→ Records supplied

☆ ☆ ☆ ☆

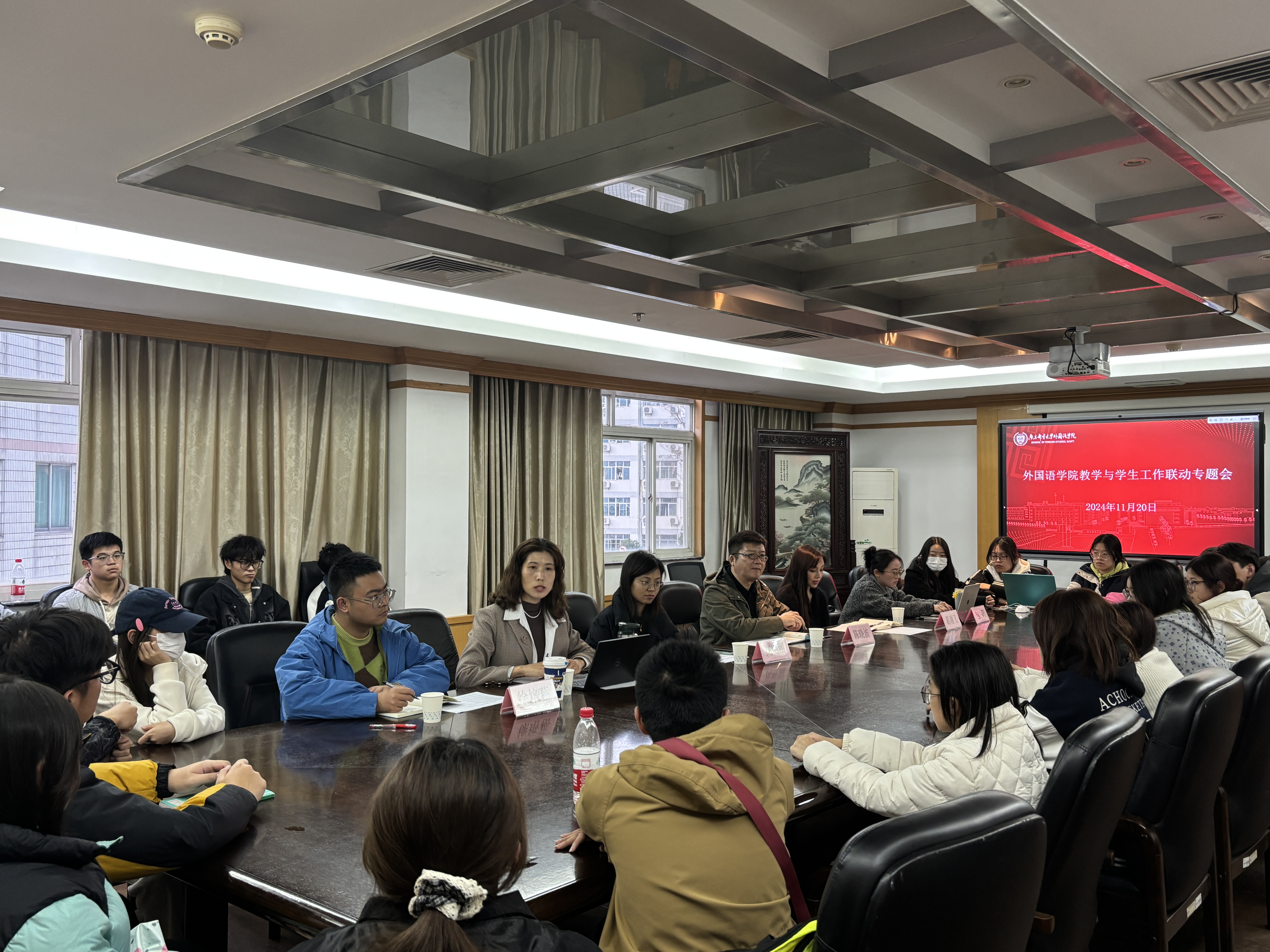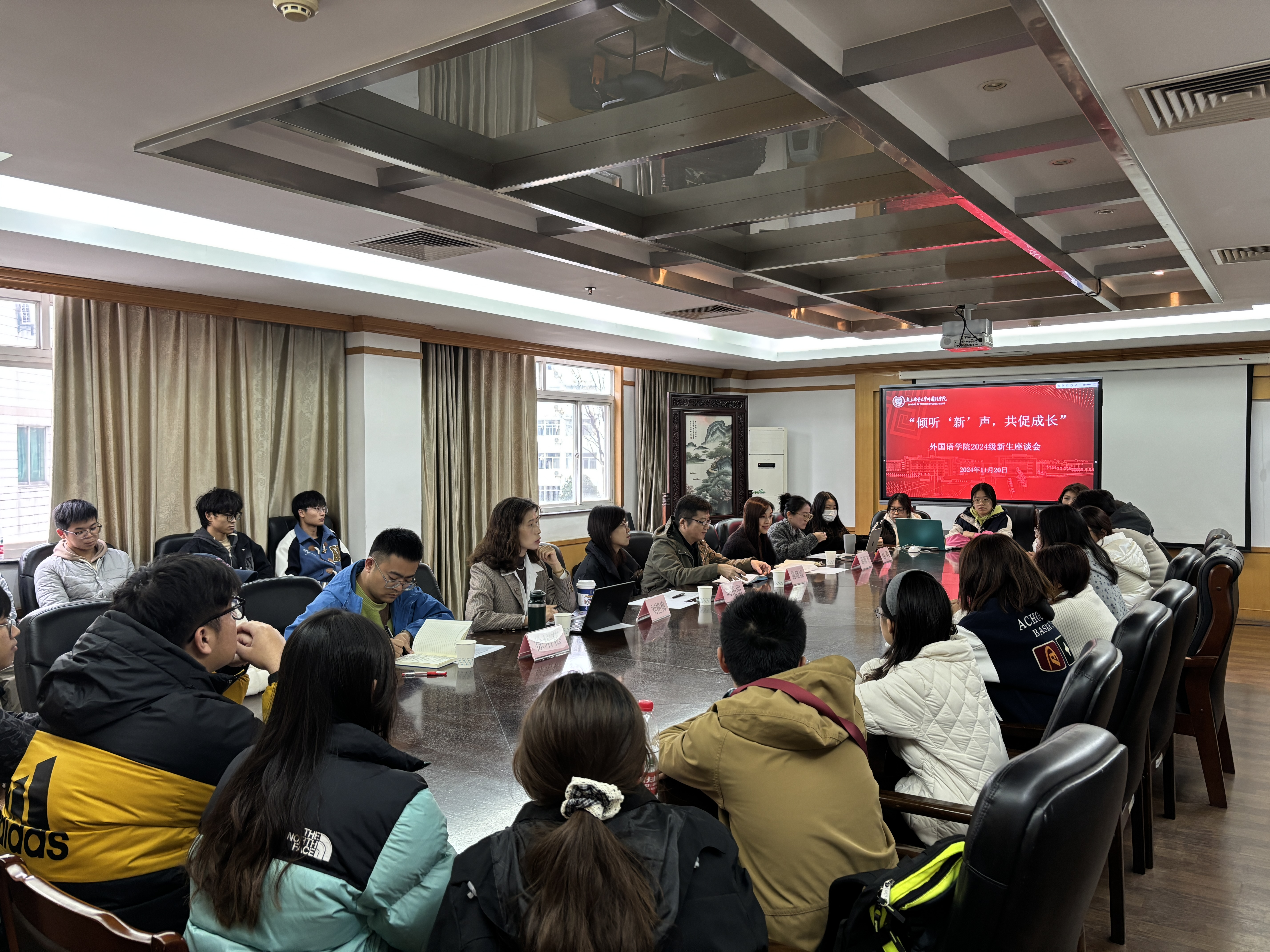 11月20日,ylzzcom永利总站在三牌楼校区召开 “倾听‘新’声,共促成长”2024级新生座谈会暨教学与ylzzcom永利线路检测中心联动专题会。院党委书记陈晓波,院党委副书记、副院长高艳丽,副院长葛谢飞,翻译系主任刘艳梅,英语系副主任、B241501班班主任包莉,2024级辅导员徐培菘、30余位新生代表参加会议。会议由徐培菘老师主持。
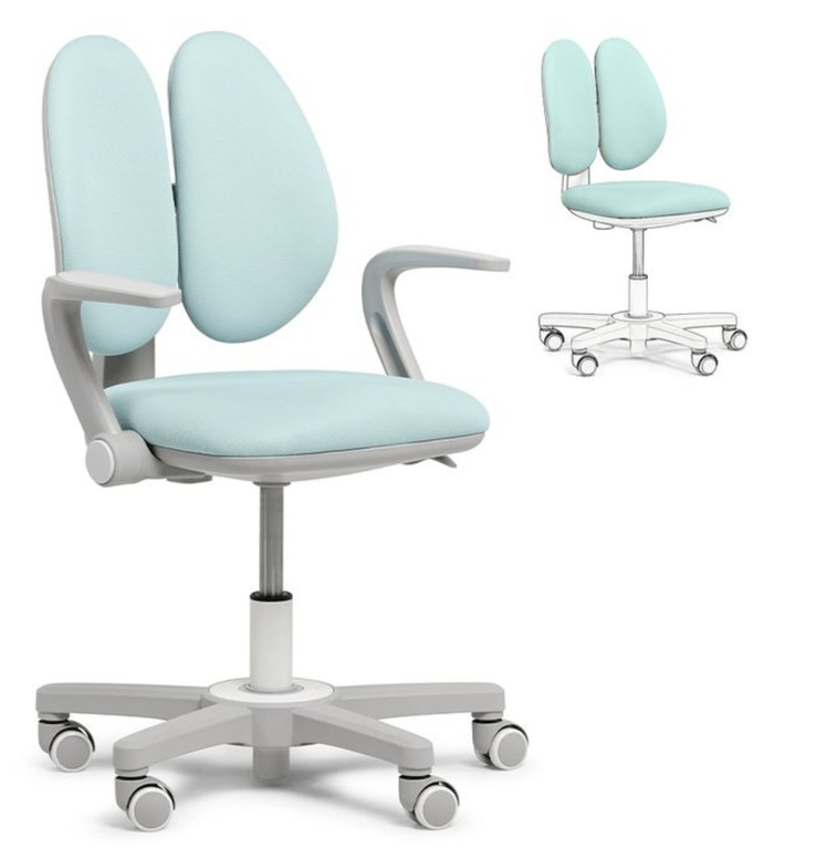 Кресло Fundesk Mente имеет ортопедическую спинку, которая состоит из двух половинок, что позволяет поддерживать спинку сидящего ребенка, в любом положении поворота корпуса.
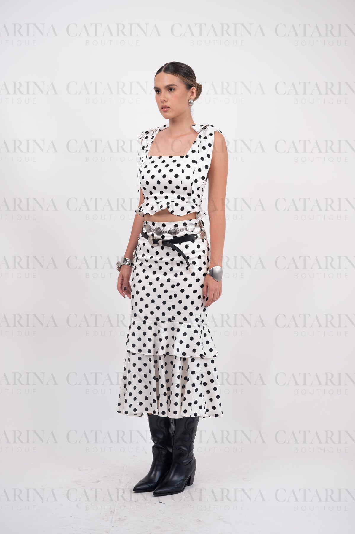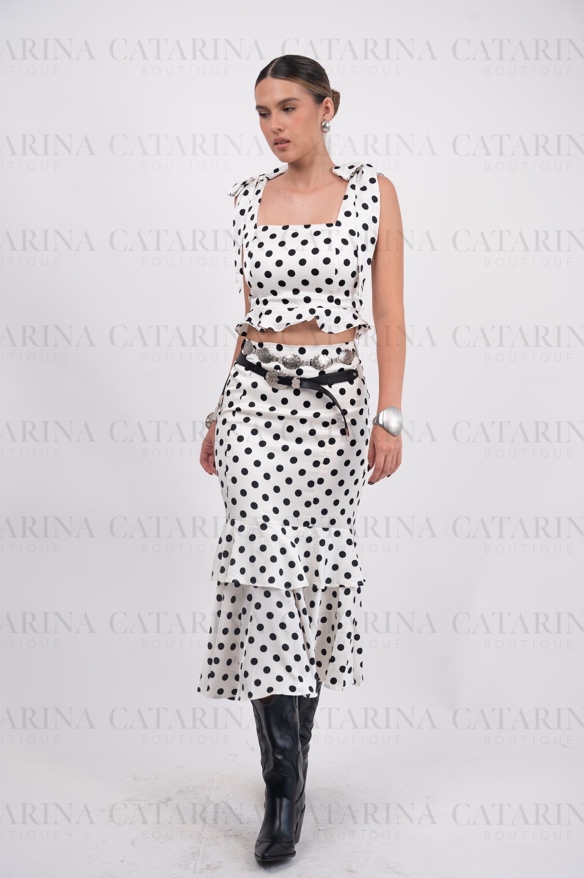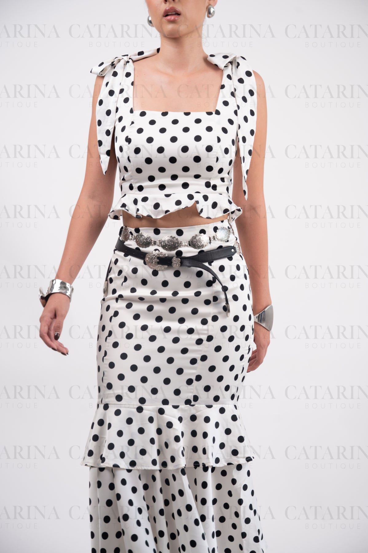 Conjunto de top de escote recto con tirantes gruesos ajustables y una falda larga adornada con un pequeño volante. Detalle de estampado en todo el cuerpo de las prendas.
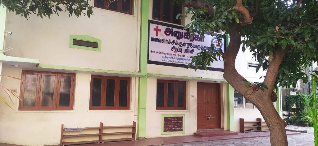 Anugraha, a non-residential school for special children, was started in 1994 at Perambur in Chennai. It comes under SD Santhome Region, Tamil Nadu. A member of the ‘Sisters of the Destitute Health and Education Service Society’, it is registered under the Tamil Nadu Society Registration Act 1975. It aims at enabling the intellectually challenged children to be self-sufficient, self-confident and worthy members of the family and noble citizens of the larger society. Up to the current year 470 students have been trained at Anugraha. It realizes this goal by imparting basic education to the special children by training them to speak, read and write, and to develop the fine motor skills, giving them different therapies as needed, giving training in table etiquette and daily living skills, social interactions, gardening, stitching, music, dance, drawing, yoga etc. according to the capacity of each individual.
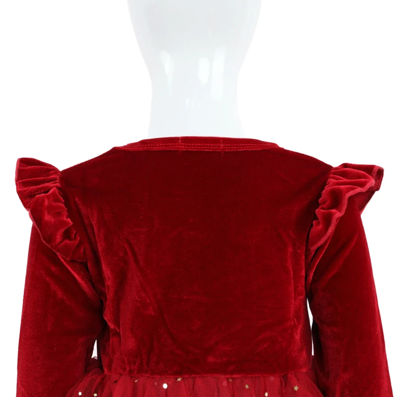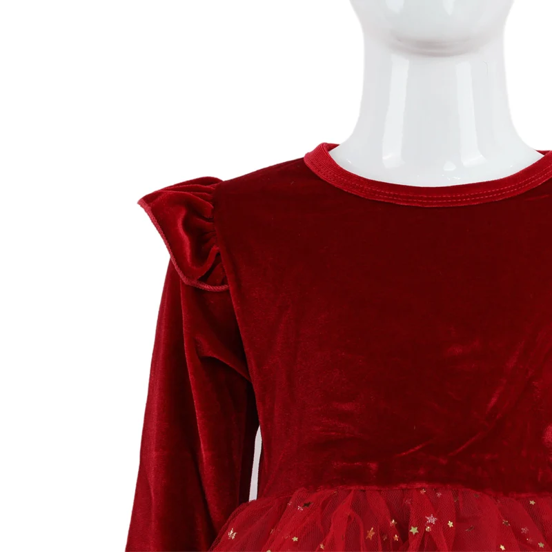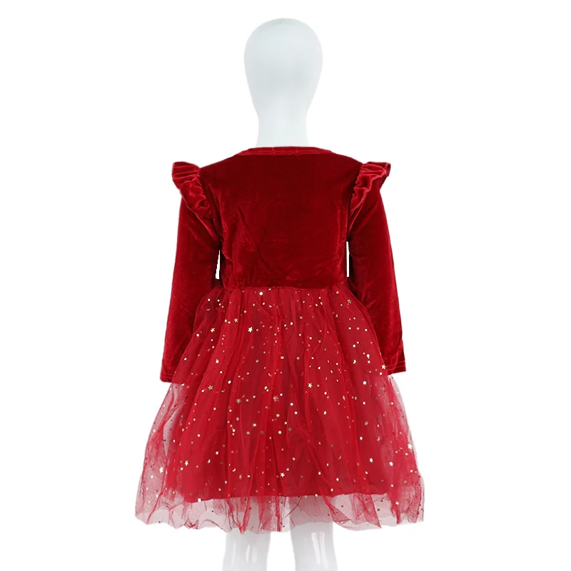 New Long-sleeved Girls Dress Children's Christmas Performance Costume Star Sequin Mesh Princess Skirt
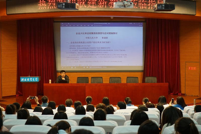 4月18日下午,中国人民大学商学院教授、博士生导师耿建新应会计学院邀请,在国际学术报告厅作题为“企业大比例应收账款的原因与应对措施探讨”的专题报告。报告会由会计学院院长袁振兴主持,学院部分教师、全体研究生及旅游学院的部分学生参加。

☆ ☆ ☆ ☆

Print exactly the lines from the first line of the records above through the line containing "Conjunto de top", both included, and leave the pictures out.

 11月20日,ylzzcom永利总站在三牌楼校区召开 “倾听‘新’声,共促成长”2024级新生座谈会暨教学与ylzzcom永利线路检测中心联动专题会。院党委书记陈晓波,院党委副书记、副院长高艳丽,副院长葛谢飞,翻译系主任刘艳梅,英语系副主任、B241501班班主任包莉,2024级辅导员徐培菘、30余位新生代表参加会议。会议由徐培菘老师主持。
 Кресло Fundesk Mente имеет ортопедическую спинку, которая состоит из двух половинок, что позволяет поддерживать спинку сидящего ребенка, в любом положении поворота корпуса.
 Conjunto de top de escote recto con tirantes gruesos ajustables y una falda larga adornada con un pequeño volante. Detalle de estampado en todo el cuerpo de las prendas.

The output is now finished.